You can also pass in a string as LearningData if you wish to keep it in a central place and have it available to all robots without needing to write it on disk first :slight_smile:

Have a great day,

Ioana

1 Like

Hi Iona - This is helpful info. The GitHub process code sample link doesn’t seem to work. Can you provide a new location for it? My company is looking to use the new intelligent OCR tools but the extractors are very limited at this point. The UiPath ML models built so far (invoices and contracts) likely won’t work for our large array of formats. Will there be a Studio Tool to build these ICR extractors ourselves eventually, based on our specific use-cases and formats? For now, I’d like to try creating an extractor specific to my scenario that is compatible with the Extractor Scope and Training Activities.

Hello @abetts2114,

Please try accessing the GitHub repo again, there were some permission issues a few days ago.
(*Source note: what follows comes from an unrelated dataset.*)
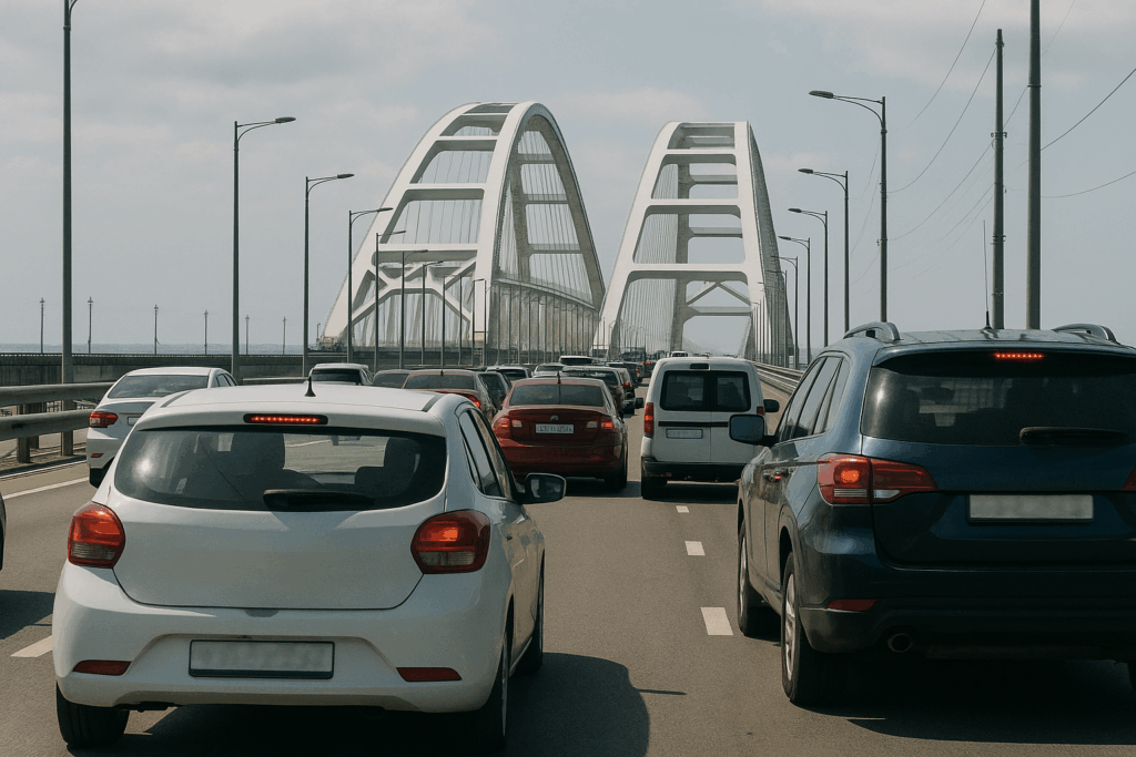 Ситуация с очередями на Крымский мост сохраняет свою напряженность. На 8:00 утра 4 августа на стороне Тамани образовалась пробка длиной более 1800 автомобилей. Время ожидания на ручной досмотр превышает три часа. Тем временем, со стороны Керчи очереди на пункт досмотра отсутствуют, что облегчает процесс пересечения моста для водителей, направляющихся в сторону Краснодарского края. Вечером 3 августа время ожидания на досмотр перед Крымским мостом составляло около пяти часов.

Also, yes indeed, we will soon be releasing an on-prem machine learning model that you will be able to install on your own machines and train on whatever fields you need, and on whatever document types you need.

Please let me know how building your own extractor works for you - any feedback would be welcome!

1 Like

Hi @Ioana_Gligan

We are glad to hear of this on-prem machine learning algo that will arrive soon. Can’t wait, it would be a massive help with a few of our clients.

Kind regards,

Balint

1 Like